Sebelius, a Democrat, first warned of her state's equipment shortage in February, when she complained in Washington that Kansas Guard units had left $117 million worth of equipment overseas. "The president and Congress need to step up to the plate and give our Guard members the support they deserve," she said then.

A Government Accountability Office report in January found that of 300 types of equipment needed in natural disasters, the Guard had fewer in all categories than it did in 2001, before the wars in Afghanistan and Iraq.

Some of the equipment is unavailable for domestic disasters, the GAO found, including radios and dump trucks. Only 2 percent of the diesel generators needed are available, the study found.

The GAO report estimated that Guard units in the United States have only 50 percent of the equipment they'd need in the event of a disaster. A study by the National Guard Association of the United States pegs the percentage at 40 percent, according to John Goheen, the group's spokesman.

Even to achieve that number, Goheen said, some Guard units have had to count privately owned vehicles that would be made available under lease agreements in the event of a disaster.

Finding such substitutes "has become urgent," Goheen said.

Before the Sept. 11 attacks, Guard units had access to 75 percent of their equipment needs, according to the GAO. But Guard units deployed to Iraq and Afghanistan have been leaving their equipment behind when they return to the United States so that other units can use it.

Much of the equipment that remains in the United States is rundown. Blum estimated that it would cost $40 billion to bring the National Guard to 80 percent readiness.

"Now we find (ourselves) with our shelf stockage so low that it's at an unacceptable level, in my judgment, here at home, and it needs to be addressed," Blum testified.

Hurricane-prone states might be in a better position than some other states because of a program, directed by Army Gen. Richard Cody, the Army's vice chief of staff, to move equipment there from other states or from the active-duty Army.
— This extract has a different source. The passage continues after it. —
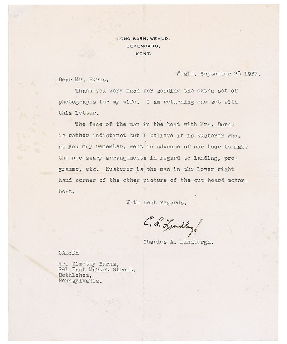 TLS signed “C. A. Lindbergh,” one page, 8 x 10, Long Barn, Weald letterhead, September 28, 1937. Letter to Timothy Burns. In full: “Thank you very much for sending the extra set of photographs for my wife. I am returning one set with this letter. The face of the man in the boat with Mrs. Burns is rather indistinct but I believe it is Kusterer who, as you may remember, went in advance of our tour to make the necessary arrangements in regard to landing, programme, etc. Kusterer is the man in the lower right hand corner of the other picture of the out-board motorboat.” In very good condition, with central horizontal and vertical fold, a few other creases and wrinkles, and scattered spotting, mostly to the blank areas. Milburn Kusterer, representing the Daniel Guggenheim Foundation for the Promotion of Aeronautics, had handled all the details of Lindbergh’s three month tour of the United States after his epic transatlantic flight to Paris. Accompanying this letter are 11 x 8.5 reproductions of three of the 13.75 x 10.75 photographs of Lindbergh returned by the aviator to Burns with this letter.

In interviews with McClatchy Newspapers, National Guard representatives in Florida, Louisiana, Alabama, North Carolina, South Carolina, Mississippi and Texas said they had at least 50 percent of the equipment they needed. Only North Carolina officials said they expected to have all the equipment they needed by June 1.
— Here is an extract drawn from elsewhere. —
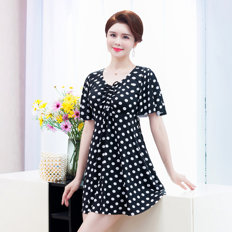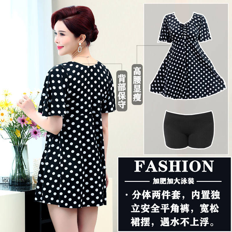 遮肚显瘦泡温泉中老年短袖 大码 裙式 保守分体平角裤 妈妈泳衣女时尚

Those hurricane-prone states also benefit because most of their Guard units aren't currently in Iraq or Afghanistan.

Alabama is in the weakest position, with 4,000 of its 11,400 Air and Army National Guard deployed, or about to be, overseas. Total deployments for the other states total only about 2,000, state National Guard officers said.

"We have adequate numbers, but it will be a challenge," said Lt. Col. Robert Horton, an Alabama Guard spokesman.

Several hurricane experts are predicting this year to be more active than usual. Two of the most notable experts, Philip J. Klotzbach and William M. Gray, estimate that there will be seven hurricanes, three of them Category 3 or higher.

But the Guard is likely to be called up even for weaker storms, especially in Mississippi and Louisiana, where victims of Hurricane Katrina are still living in approximately 85,000 trailers that could be toppled by winds as low as 50 miles an hour. Minimum hurricane winds are 74 miles per hour.

The lack of equipment to move those people could create serious delays.

"If another Katrina hit, it would be really, really bad," said retired Gen. Tim Powell of the Mississippi National Guard. "There is going to be a huge evacuation, even if it's a Category 1 or 2 storm. They will have to get out of those trailers."

The January GAO report said that the Defense Department had taken steps to address the equipment shortages, but that it wasn't certain that those steps could reverse the Guard's lack of readiness for large-scale disasters.

"Until the Army makes decisions as to what equipment non-deployed Army National Guard forces can expect to have on hand, it will remain unclear whether the National Guard has the equipment it needs to successfully perform its domestic missions, including responding to large-scale, multi-state events," the report said.